Tuesday, November 10, 2015

A Moment of Reflection

Therefore we do not lose heart. Though outwardly we are wasting away, yet inwardly we are being renewed day by day. (2 Corinthians 4:16 NIV)

I take a moment out of the wildness and wackiness of my typical world to pause and reflect on the life of a dear friend who departed from this life five days ago.  I attended her visitation this evening.  I only found out about her death just last night.

I met Doris 10 years ago when I was working at an automotive interiors plant.  She told me stories of her son (who is about my age) and daughter, and of her life in general.  I wasn't a smoker, but I often found myself outside with the smoking crowd just to get out of the building for a while on breaks, and also because Doris and the other people who sat outside often had more amusing stories and jokes to tell than the ones who usually stayed inside (for some reason - I never quite figured that one out; maybe they just took more walks on the wild side, who knows).  Doris tried to look out for me.  She would often give me good advice (although I was often too stupid and naive to listen and take her advice on things) and let me know when I was being stupid, which is definitely what a guy-crazy 20-something needs who continuously makes idiotic mistakes when it comes to guys (I still need  guidance along those lines as a single 30-something, but anyway).  She also helped me be aware of my strong points, as well.  She always told me I was too smart and too good with computers to stay in a place like that, even though I assumed at the time I would retire from the factory.  We worked together for roughly 5 years before we were laid off together among approximately 118 other employees.
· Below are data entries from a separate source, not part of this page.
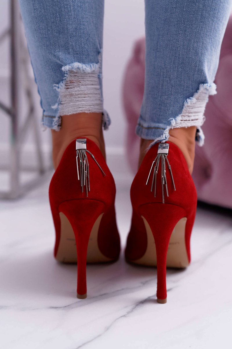 Dámské Lodičky Na Jehlovém Podpatku Laura Messi 1727 Semišová Kůže červené Valentine
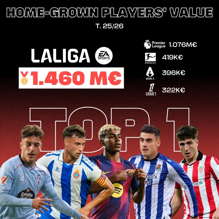 西甲是欧洲青训球员总市集价值最高的联赛,达14.6亿欧元,远超英超(10.7亿欧元)、德甲(9.6亿欧元)、意甲(8.9亿欧元)及法甲(7.6亿欧元)。在2025年夏日转会窗口中,西班牙俱乐部通过原土青训球员转会创下2.89亿欧元的收入记载,创历史新高,印证了其青训政策的奏效。
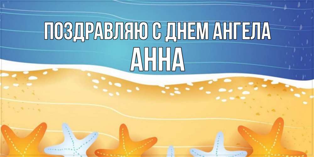 Открытка Поздравляю с днем Ангела Анна. морской пляж и звезды и песок. красивая морская тема
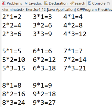[문제] 구구단의 일부분을 다음과 같이 출력하시오.
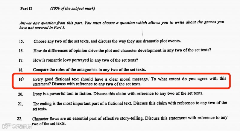 而本次考试,我们的老师又又又精准预测了考点了!比如:从大纲的选文中选中主题与“婚姻或者是家庭关系主题”的短文进行技巧分析;围绕plot events (戏剧进程)、character development(角色发展)、技巧批判分析等!为威学的老师们神准预测点赞!往期考情回顾⬇⬇:

I have made several friends and acquaintances through the years, and I have worked with hundreds of people since I began my journey into the workforce 17 years ago.  I worked with at least 900 people at that first job at the factory. Honestly, you don't get close to a lot of people except here and there in the workforce.  Doris helped me see things differently.  After the layoff, we would run into each here and there.  I didn't keep in touch as I should have, to be honest.  But I did see her at her workplace (a local convenience store) or at the local Walmart.

We always think there's going to be time, don't we?  One day, you see someone, healthy and their usual self, and sometimes they pass suddenly, whether by an accident of some sort or an illness.  It's going to happen, no matter what we say or do.  Do we think people are just always going to be there, like they're invincible or something?  Do we let time just get away from us?

In the long run, yes, we do have to prioritize our lives.  I keep telling myself I'm go to do better, that I'm going to make better use of my time. And yet, I still let it get away from me.

I said goodbye to a friend tonight.  I pray that her (grown) children find peace and comfort in the days ahead.  I was very lucky to have known their mother.

Goodbye and rest in peace, my friend.